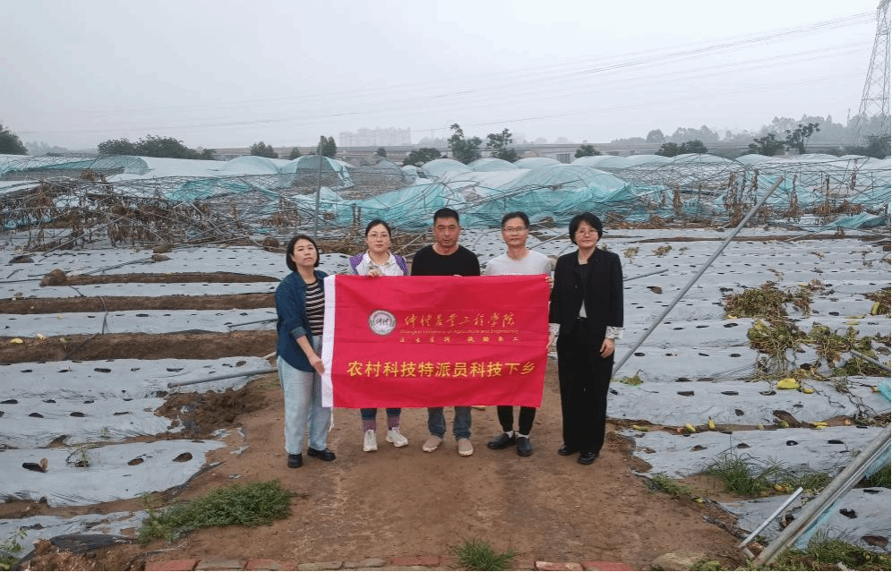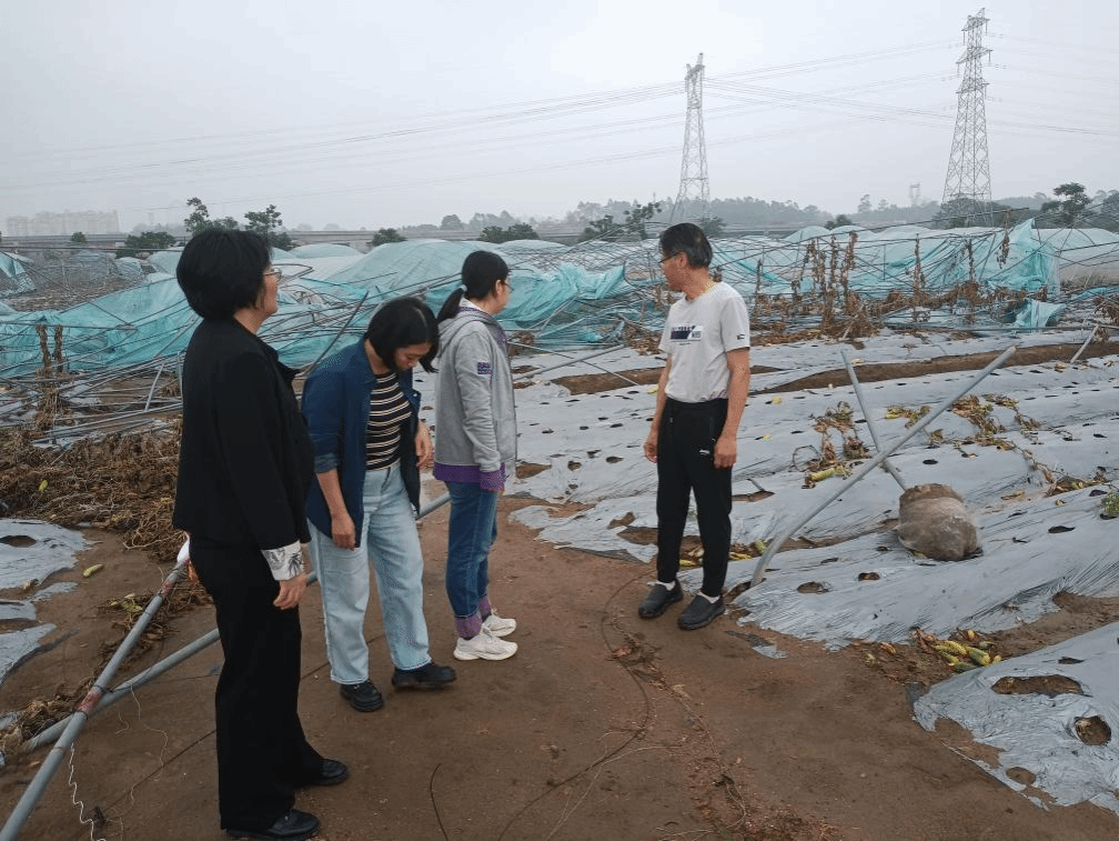 近期的极端天气导致中裕农业合作社大棚严重损毁,黄瓜秧苗面临二次灾害威胁。作为对口帮扶该企业的科技特派员团队负责人,仲恺农业工程学院科技特派员许二梅副教授迅速反应,在得到企业受灾后的当天下午立即邀请该校农作物灾害防控专家郑奕雄教授团队赶赴现场,同时联动清城区工信局总经济师王红、农业农村股股长甘媛等组成联合工作组,实地勘察灾情。
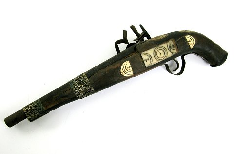 Modificeret flintelåspistol af arabisk oprindelse til dekorationsbrug. L. 43 cm. Oprindelig Arabien, tidl. 1800'tallet.
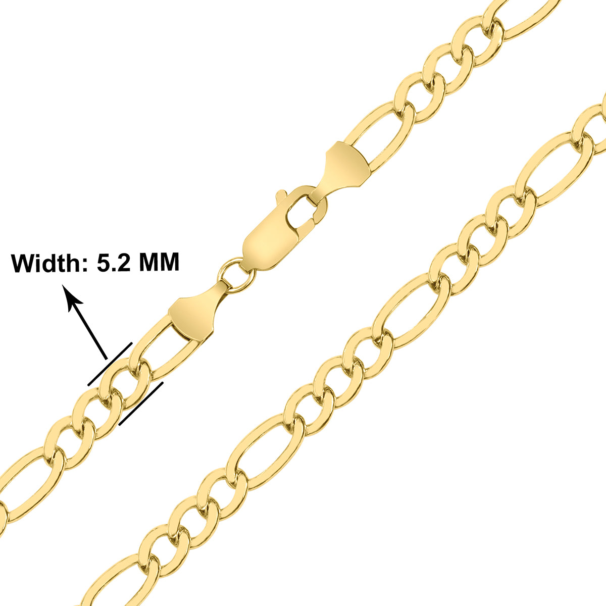 14k Yellow Gold Filled 5.2mm Figaro Bracelet with Lobster Clasp
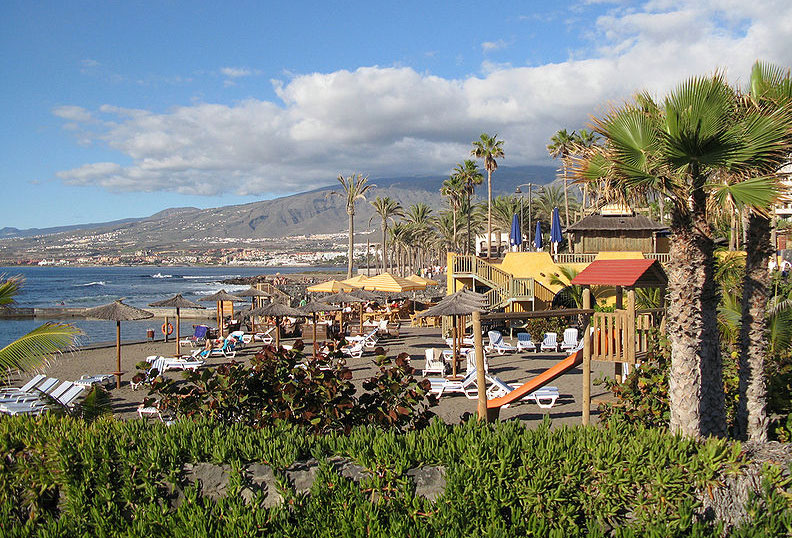 La playa de las Américas, en el sur de la isla de Tenerife, es un popular destino turístico. A diferencia del norte de la isla, esta zona cuenta con un clima seco donde apenas llueve, lo que la ha convertido en meca de turistas sedientos de sol. Para atender la masiva llegada de viajeros y potenciar la costa se construyó el segundo aeropuerto de la isla en los años 70.
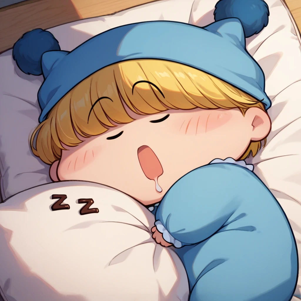 bluenightcap,bluepajamas,shoes,
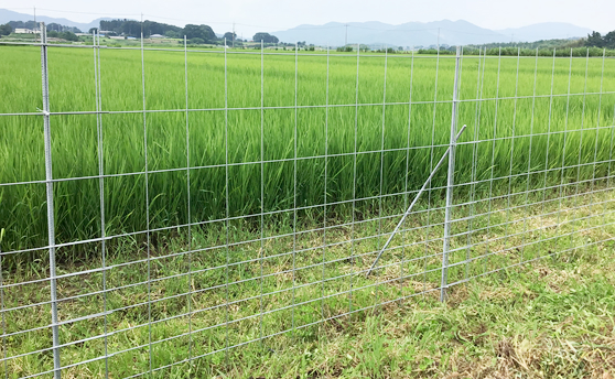 イノシシなどの野生動物の侵入を防止する金網メッシュ柵です。 自治体やゴルフ場、一般農家様において多数の採用実績がございます。
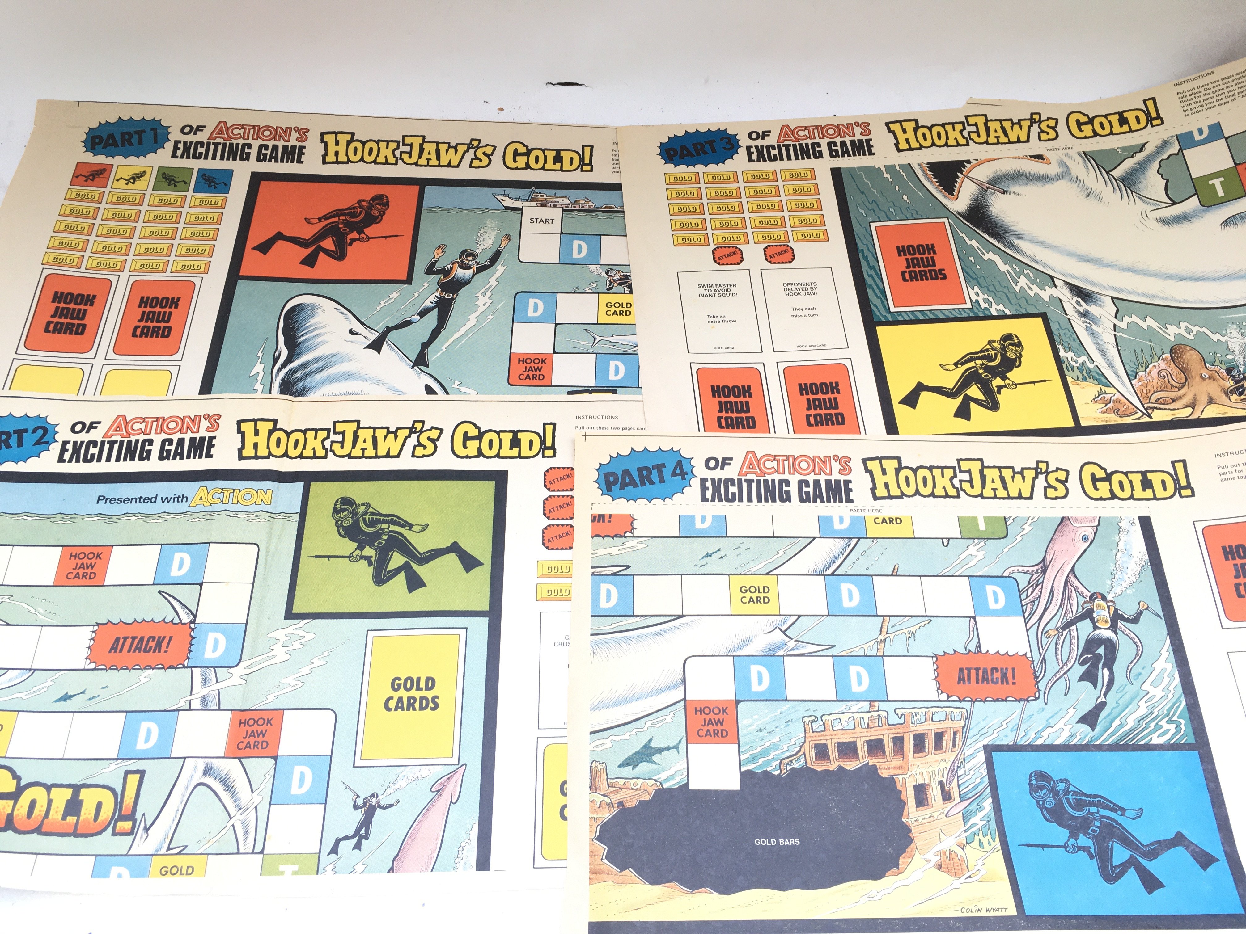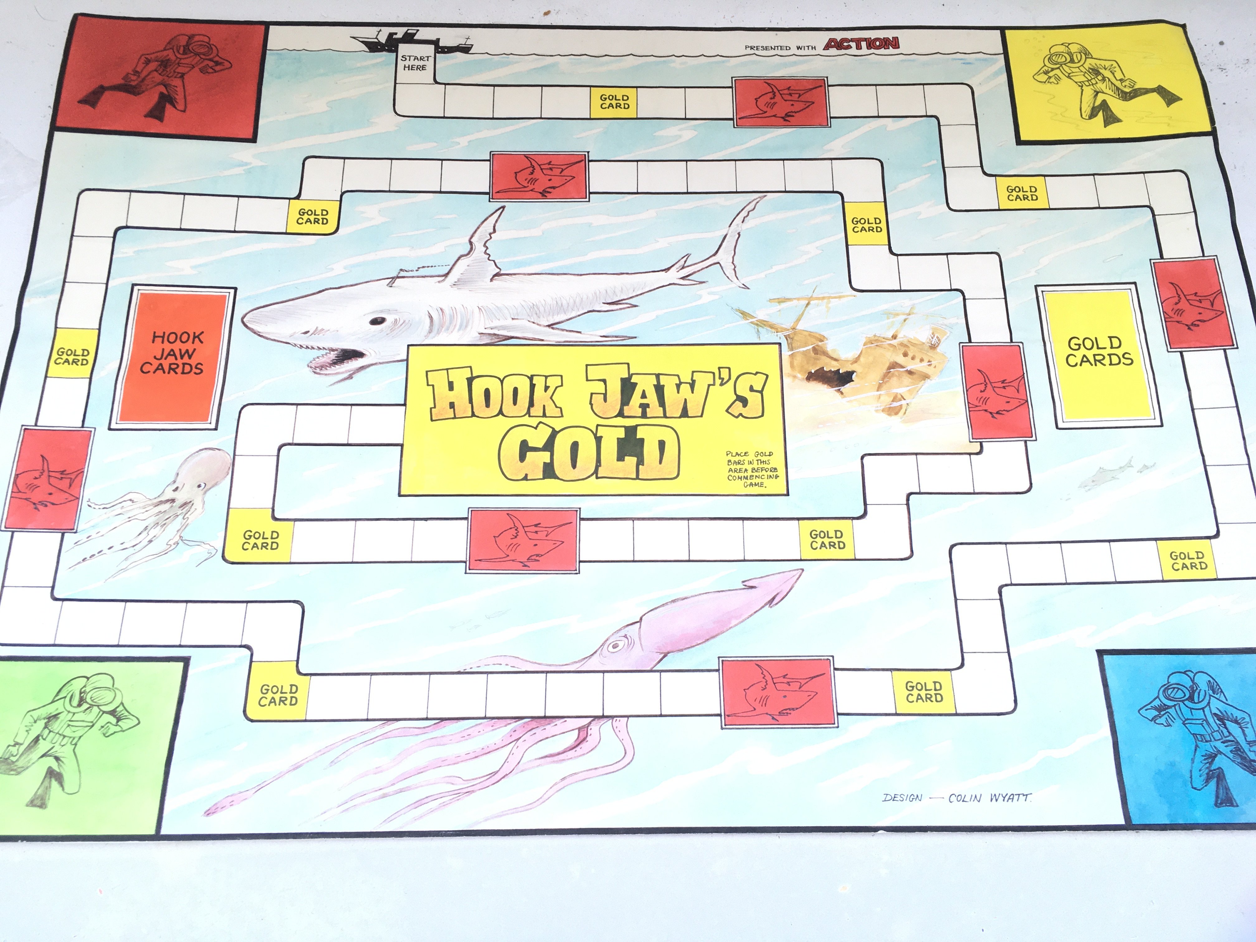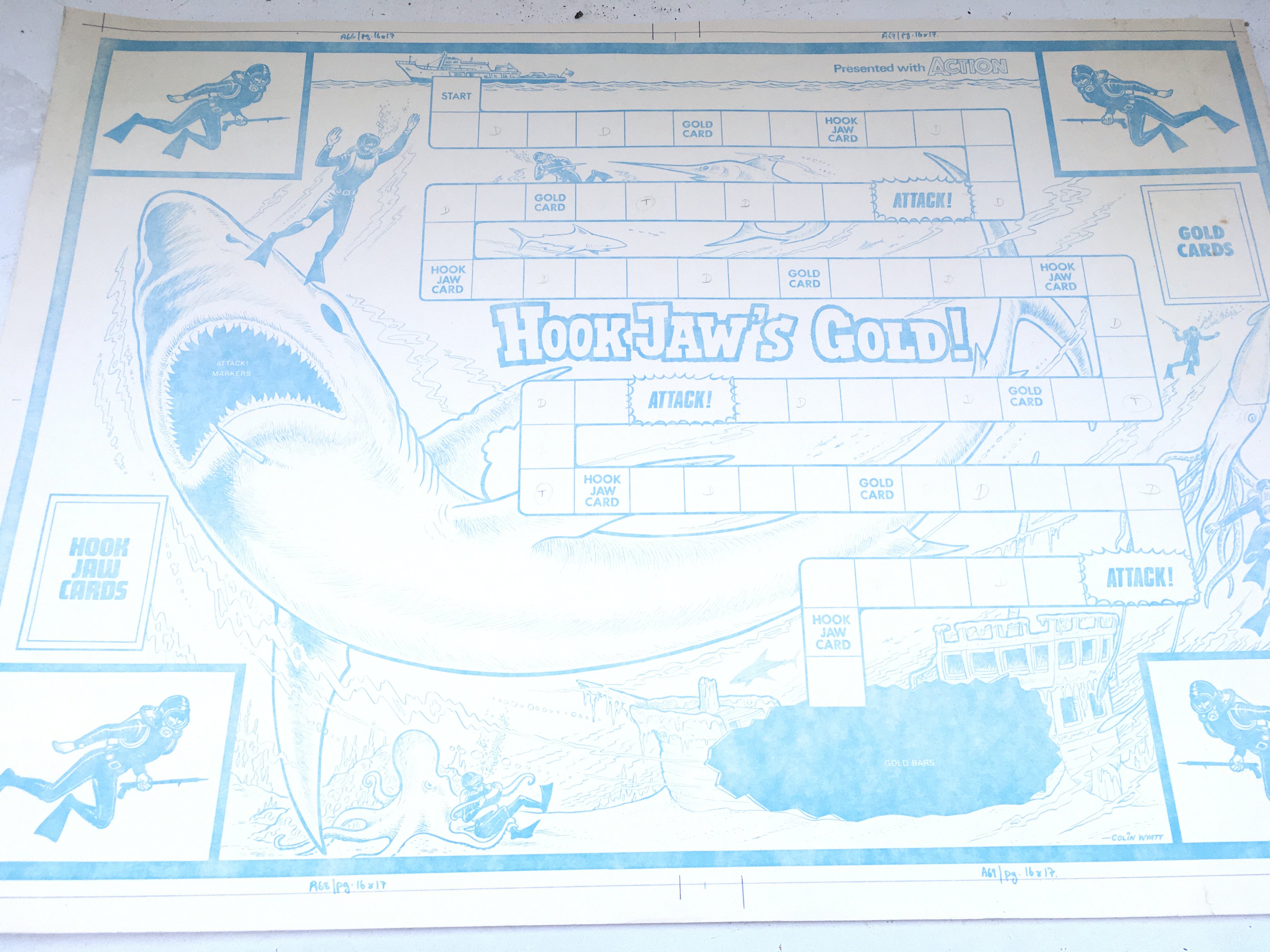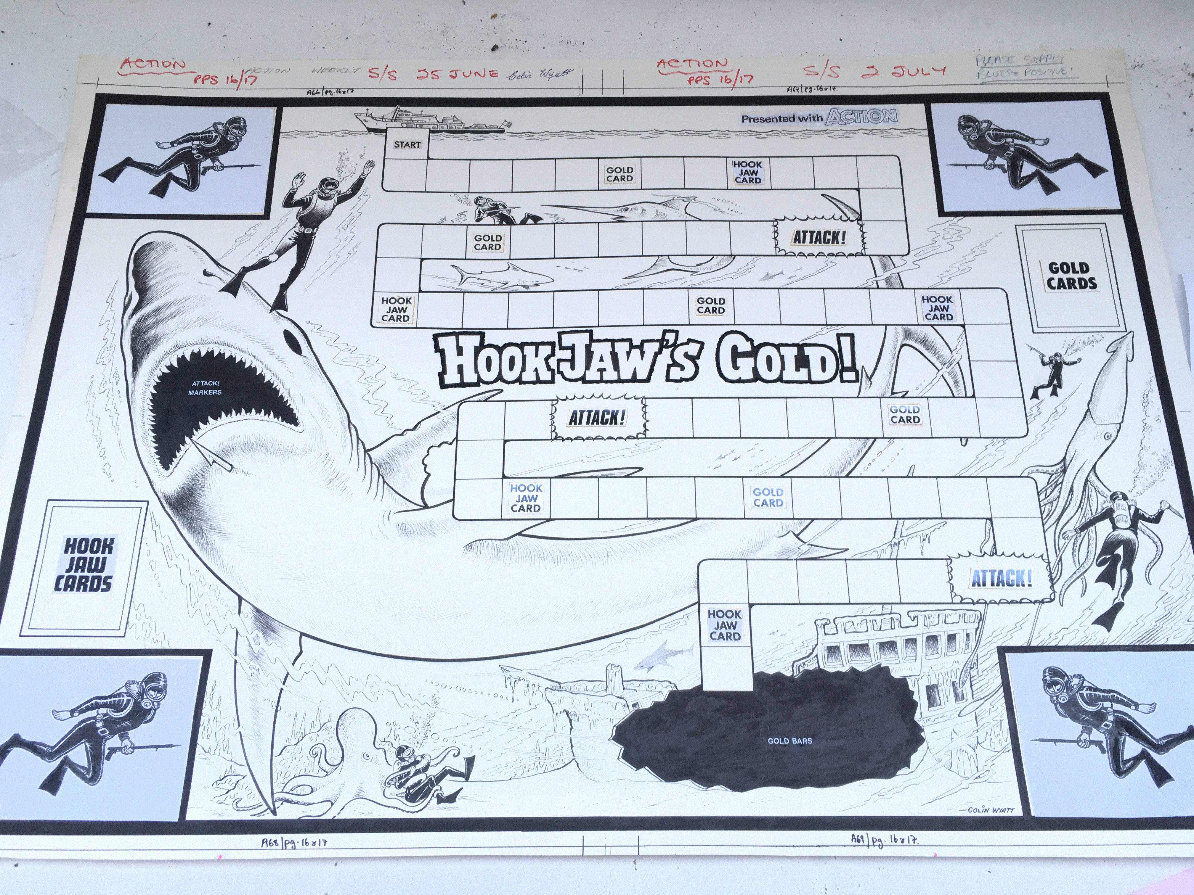 Art Work By Colin Wyatt For The Action Comic 25th June 1977. This Is The Artwork For The Pull Out Of Hook Jaws Gold Game. This Also Includes The Original Front Cover Proof. And the Original Sketch Drawing. These had To Be Collected Over 4 Issues.

■ Exercise brief ■
Once the pictures are removed, output the entries above exactly as given.

■ Written answer ■
 近期的极端天气导致中裕农业合作社大棚严重损毁,黄瓜秧苗面临二次灾害威胁。作为对口帮扶该企业的科技特派员团队负责人,仲恺农业工程学院科技特派员许二梅副教授迅速反应,在得到企业受灾后的当天下午立即邀请该校农作物灾害防控专家郑奕雄教授团队赶赴现场,同时联动清城区工信局总经济师王红、农业农村股股长甘媛等组成联合工作组,实地勘察灾情。
 Modificeret flintelåspistol af arabisk oprindelse til dekorationsbrug. L. 43 cm. Oprindelig Arabien, tidl. 1800'tallet.
 14k Yellow Gold Filled 5.2mm Figaro Bracelet with Lobster Clasp
 La playa de las Américas, en el sur de la isla de Tenerife, es un popular destino turístico. A diferencia del norte de la isla, esta zona cuenta con un clima seco donde apenas llueve, lo que la ha convertido en meca de turistas sedientos de sol. Para atender la masiva llegada de viajeros y potenciar la costa se construyó el segundo aeropuerto de la isla en los años 70.
 bluenightcap,bluepajamas,shoes,
 イノシシなどの野生動物の侵入を防止する金網メッシュ柵です。 自治体やゴルフ場、一般農家様において多数の採用実績がございます。
 Art Work By Colin Wyatt For The Action Comic 25th June 1977. This Is The Artwork For The Pull Out Of Hook Jaws Gold Game. This Also Includes The Original Front Cover Proof. And the Original Sketch Drawing. These had To Be Collected Over 4 Issues.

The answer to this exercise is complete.